ASSIGNMENT QUESTIONS:
- Please complete assignment questions 13, 14 and 15

---

#### One-way ANOVA

One-way ANOVA (Analysis of Variance) is a statistical test used when we want to compare the means of more than two groups based on one independent variable. One-way ANOVA can help us understand if at least one group mean is different, but does not tell us which specific groups differ.

When to Use One-Way ANOVA:
- Multiple Groups Comparison: Use one-way ANOVA when you have three or more groups for comparison. For example, comparing the effectiveness of different teaching methods on student performance.
- One Independent Variable: There should be one categorical independent variable with two or more levels (e.g., treatment types).
- One Dependent Variable: The dependent variable should be continuous (e.g., test scores).
- Independence of Observations: Each group's observations should be independent of the others.
- Normality and Homogeneity of Variance: The data should approximately follow a normal distribution, and the variance among groups should be similar, though one-way ANOVA is fairly robust to deviations from these assumptions.

The following interactive visualization allows you to adjust the number of groups, the variance within those groups, and the mean difference between the groups. The code then generates 50 data points for each group and conducts a one-way ANOVA.

In [None]:
def plot_one_way_anova(num_groups=3, within_group_var=1, mean_diff=0):
    np.random.seed(0)  # For reproducibility
    group_means = np.linspace(0, mean_diff, num=num_groups)
    data = [np.random.normal(loc=mean, scale=np.sqrt(within_group_var), size=50) for mean in group_means]
    
    # ANOVA
    f_stat, p_value = f_oneway(*data)
    
    # Plotting
    plt.figure(figsize=(12, 6))
    for i, group in enumerate(data):
        plt.scatter([i+1]*len(group), group, alpha=0.7, label=f'Group {i+1}')
    plt.boxplot(data, patch_artist=True, boxprops=dict(facecolor='lightblue'))
    plt.title(f'One-Way ANOVA: F-statistic = {f_stat:.2f}, p-value = {p_value:.3f}')
    plt.xlabel('Group')
    plt.ylabel('Values')
    plt.xticks(range(1, num_groups + 1))
    plt.legend()
    plt.grid(axis='y')
    plt.show()

# Adjusting widget layout
style = {'description_width': 'initial'}
# Custom layout to ensure slider descriptions are not cut off
custom_layout = Layout(width='400px', description_width='initial')
_ =interact(plot_one_way_anova,
         num_groups=widgets.IntSlider(min=2, max=5, step=1, value=3, description='Number of Groups', style=style, layout=custom_layout),
         within_group_var=widgets.FloatSlider(min=0.5, max=5, step=0.5, value=1, description='Within Group Variance', style=style, layout=custom_layout),
         mean_diff=widgets.FloatSlider(min=0, max=5, step=0.5, value=0, description='Mean Difference Between Groups', style=style, layout=custom_layout))


DISCUSSION QUESTIONS:
- We discussed in class how the F statistic is the ratio of the between group variance divided by the numerator degrees of freedom to the within group variance divided by the denominator degrees of freedom.
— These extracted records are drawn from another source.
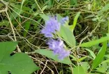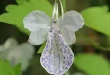 单花莸 P. D. Cantino),为唇形科、四棱草属。多年生蔓性草本,茎基部木质化,枝四方形。叶对生,叶边缘具4~6对钝锯齿,两面被柔毛和腺点。花单生叶腋,5中裂,蓝白色,有紫色条纹和斑点,…全部>>
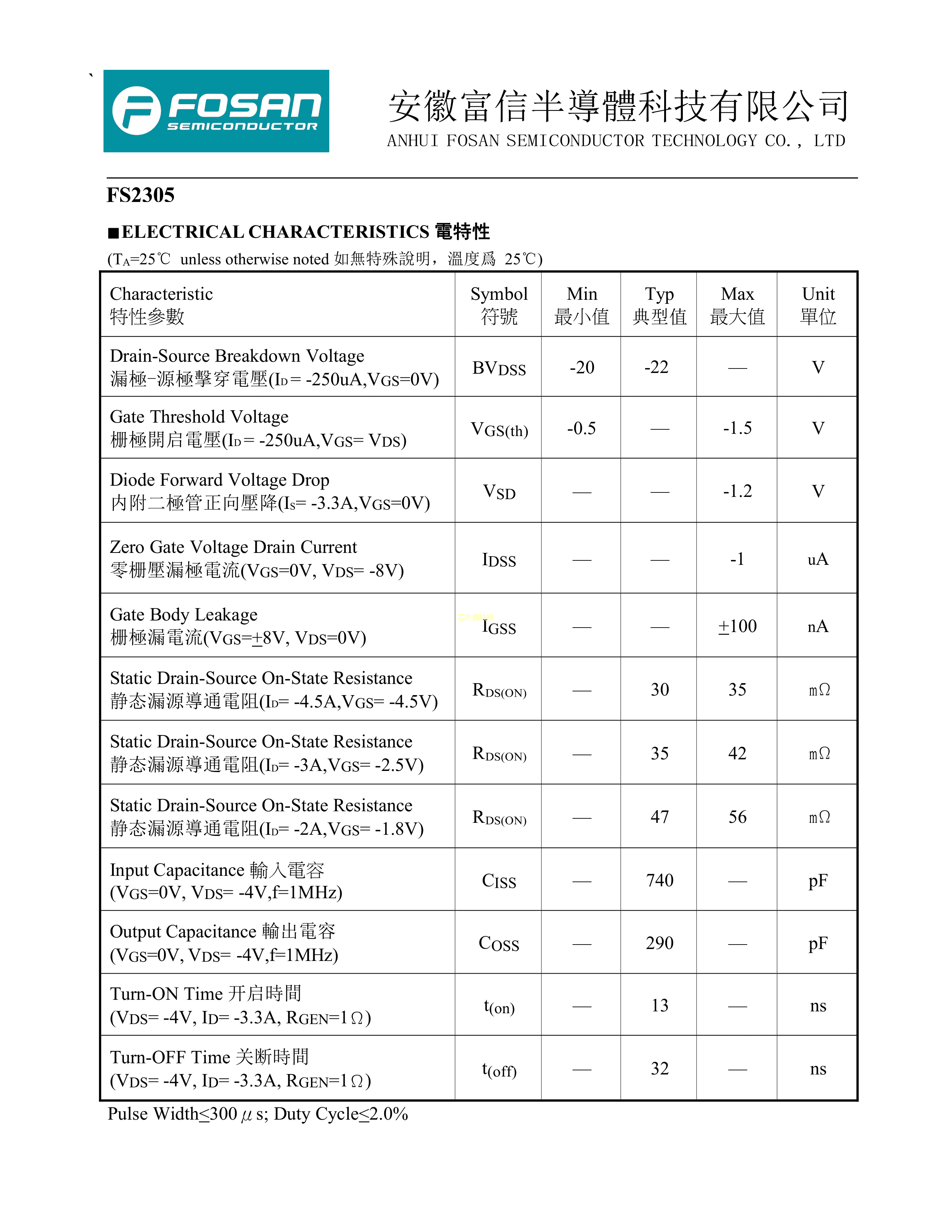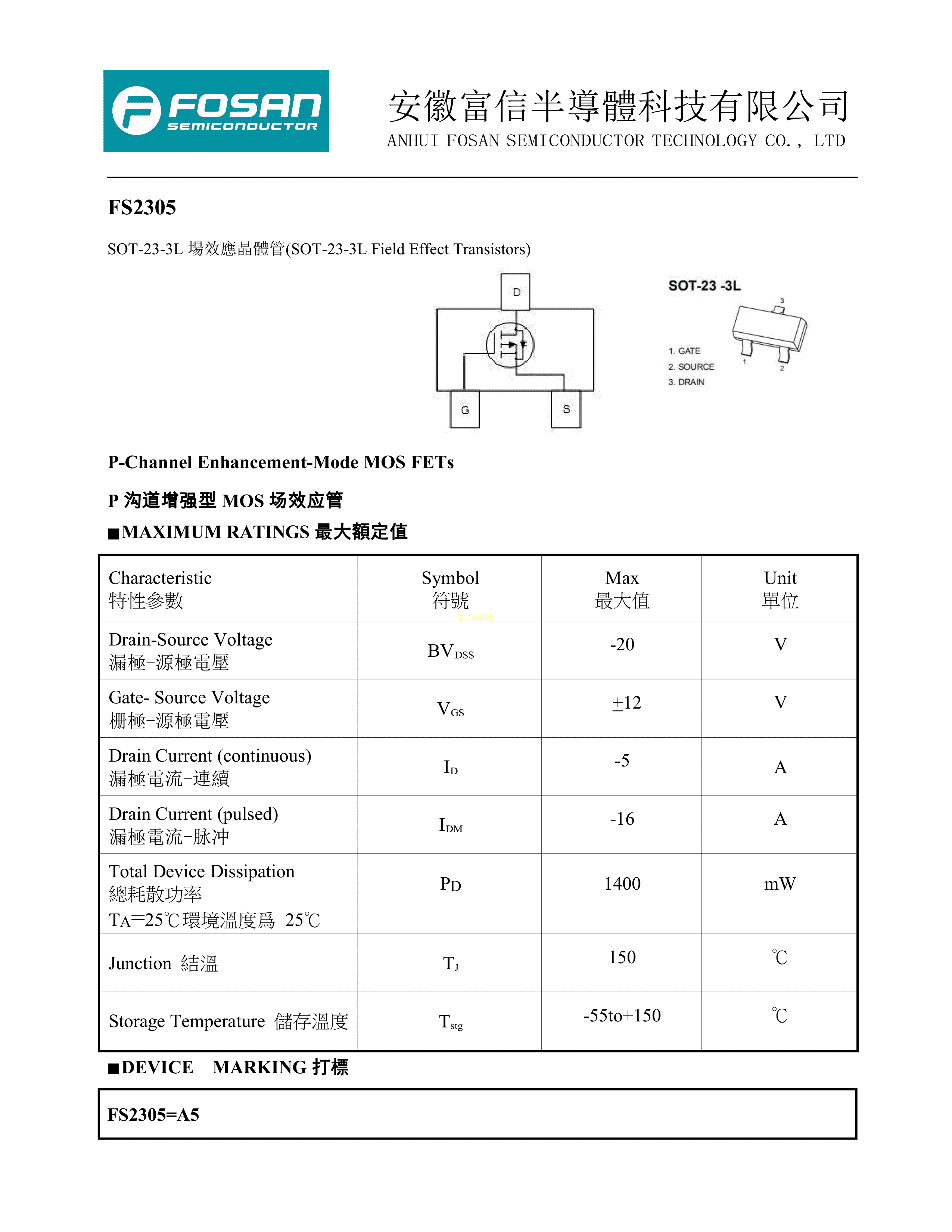 FS2305A5数据手册SOT-23-3L封装FOSAN(富信)PDF规格书,中英文下载
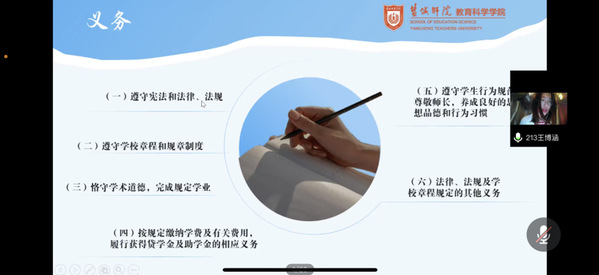张孟奇学姐为大家介绍了普通高等公司员工管理规定,了解了员工的权利与义务、学籍管理、毕业与结业等。通过对校内秩序、奖励与处分的学习,让新生知道哪些行为不可采取,形成自我约束意识。
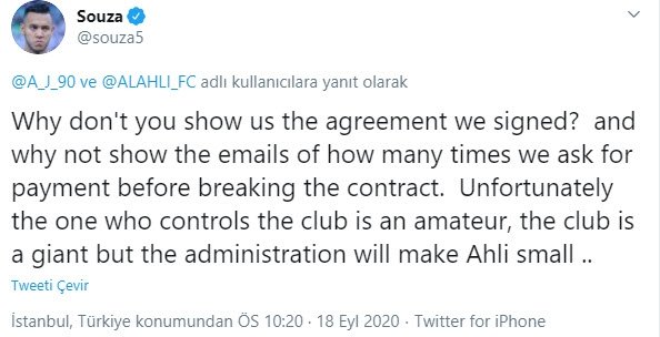 Josef de Souza ise Al Ahli'nin sosyal medya üzerinden yaptığı resmi açıklamanın altına cevap olarak, "Neden bize imzaladığımız anlaşmayı göstermiyorsunuz ve neden sözleşmeyi bozmadan önce kaç kez ödeme istediğimizin e-postalarını göstermiyorsunuz? Ne yazık ki kulübü kontrol edenler amatör. Kulüp çok büyük ama yönetim Ahli'yi küçültüyor" diye yazdı.
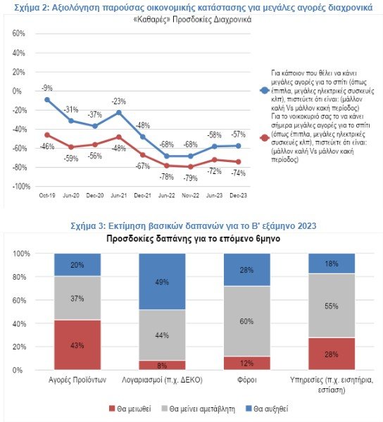 Αντίστοιχα οι προσδοκίες για τις δαπάνες είναι πτωτικές, αλλά σχετίζονται κυρίως με δαπάνες εκτός λιανικών αγορών. Όπως καταγράφεται στο σχήμα 3, το 49% εκτιμά ότι το πρώτο εξάμηνο 2024 οι δαπάνες για λογαριασμούς κοινής ωφέλειας θα είναι αυξημένες. Επίσης, το 43% εκτιμά ότι οι δαπάνες για αγορές προϊόντων το πρώτο εξάμηνο 2024 θα είναι μειωμένες, ενώ μόλις το 20% ότι θα είναι αυξημένες.
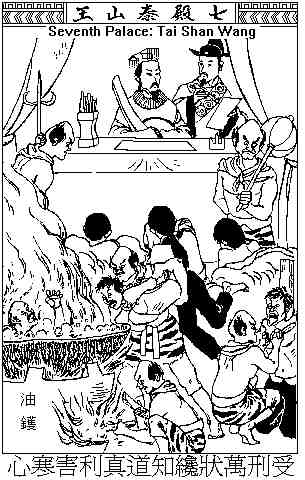 *世人漏税.抗粮.赖粗.用重秤.合假药.卖著水米.用假银.欠数钱.卖油粉 绫.刮浆布疋衣裤.路遇蹩废老幼.不即让行.暗占乡民及老幼肩贩便宜.受托寄带家书.不速交付.窃取街路砌就砖石及晚夜灯内油烛.穷不安分守己.富不怜老恤贫.如有告贷.先已允借.至期空覆.致令误事.见人有病.家藏药食.吝不付给.良方秘不传授.煎过药渣.或碎碗料器等物泼置街路.无故养驴马诸兽.尿粪妨碍行人.故意荒芜田地.损坏他人墙壁.咒诅魇魅.造言惊吓等事者.查核事犯之大小.令鬼卒推入各大地狱受苦.另再判发何小地狱受苦.满日送解第五殿察核.

In this way, the F statistic compares the between group variance to the within group variance. Does the between group variance need to be larger than the within group variance to get a significant P-value?

ASSIGNMENT QUESTIONS:
- Please complete question 16 in the assignment.

#### Tukey's HSD post-hoc test

Once we do a one-way ANOVA, even if we reject the null hypothesis we do not know which group means differ from which other group means. To determine this we need to do post-hoc analysis. We have already talked about the Bonferroni correction (which can be used after conducting and ANOVA to identify which groups have differences in means). Another very common post-hoc method is Tukey's Honestly Significant Difference (HSD) test. This test compares all possible pairs of means and sacrifices less power than the Bonferroni correction.

When to use Tukey's HSD post-hoc test:
- A one-way ANOVA has indicated significant differences among group means.
- There is a need to identify which specific pairs of groups differ.
- Maintaining an overall confidence level across a family of comparisons is important.

For this class, you won't need to understand specifically how a Tukey's test works. If you are interested, here are the steps involved (feel free to skip over numbered list below if not interested):
1. Calculate the standard error of the differences: Tukey's method calculates the standard error of the differences between means. This accounts for both the variability within groups and the sample size of each group.
2. Compute the range statistic: The range is the difference between the highest and lowest means among the groups being compared.
3. Adjust the range statistic: The raw range statistic is adjusted based on the sample size and the number of groups being compared.
4. Studentize the adjusted range: Studentizing involves dividing the adjusted range by your computed standard error.
5. Obtain critical values from the Studentized range distribution: Instead of dividing the alpha level by the number of comparisons like Bonferroni correction, Tukey's method uses the Studentized range distribution to obtain a critical value that depends on the alpha, the number of groups, and the total number of observations. These critical values help determine whether the observed differences between means are statistically significant.
6. Compare the differences between means to the critical value: Tukey's method compares the differences between means to the critical value obtained from the Studentized range distribution. If the absolute difference between two means is greater than the critical value times the standard error of the differences, then the difference is considered statistically significant.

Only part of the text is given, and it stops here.